Chapter 13, Imbalanced Datasets, will equip you to identify use cases where datasets are likely to be imbalanced, and formulate strategies for dealing with imbalanced datasets.

Chapter 14, Dimensionality Reduction, will show how to analyze datasets with high dimensions and deal with the challenges posed by these datasets.

Chapter 15, Ensemble Learning, will teach you to apply different ensemble learning techniques to your dataset.

Note

There are also three bonus chapters, Chapter 16, Machine Learning Pipelines, Chapter 17, Automated Feature Engineering, and Chapter 18, Model as a Service with Flask, which you can find at http://packt.live/2ZagB9y.

Conventions

Code words in text, database table names, folder names, filenames, file extensions, path names, dummy URLs, user input, and Twitter handles are shown as follows:

"sklearn has a class called train_test_split, which provides the functionality for splitting data."
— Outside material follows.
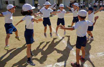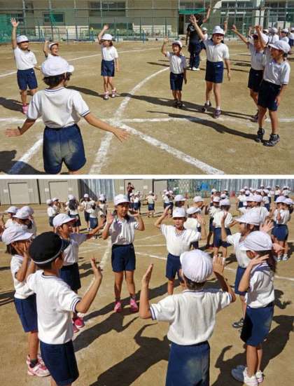 2時間目、運動場でダンスの練習。ここのところ、「見本をします!」「まねをします!」のパートの練習が中心です。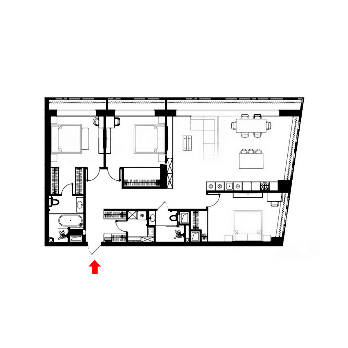 Планировка включает в себя просторную кухню-гостиную площадью с панорамным угловым остеклением во всю стену, мастер-спальню с собственной ванной комнатой и гардеробной, 2 спальни, санузел с душевой, постирочную, гардеробную и холл. Дополнительно предусмотрено много мест для хранения вещей.

Words that you see on the screen, for example, in menus or dialog boxes, also appear in the same format.

A block of code is set as follows:

import pandas as pd
from sklearn.model_selection import train_test_split

New terms and important words are shown like this:

"A dictionary contains multiple elements, like a list, but each element is organized as a key-value pair."

Code Presentation

Lines of code that span multiple lines are split using a backslash ( \ ). When the code is executed, Python will ignore the backslash, and treat the code on the next line as a direct continuation of the current line.

For example:

history = model.fit(X, y, epochs=100, batch_size=5, verbose=1, \
                    validation_split=0.2, shuffle=False)

Comments are added into code to help explain specific bits of logic. Single-line comments are denoted using the # symbol, as follows:

# Print the sizes of the datasets
print("Number of Examples in the Dataset = ", X.shape[0])
print("Number of Features for each example = ", X.shape[1])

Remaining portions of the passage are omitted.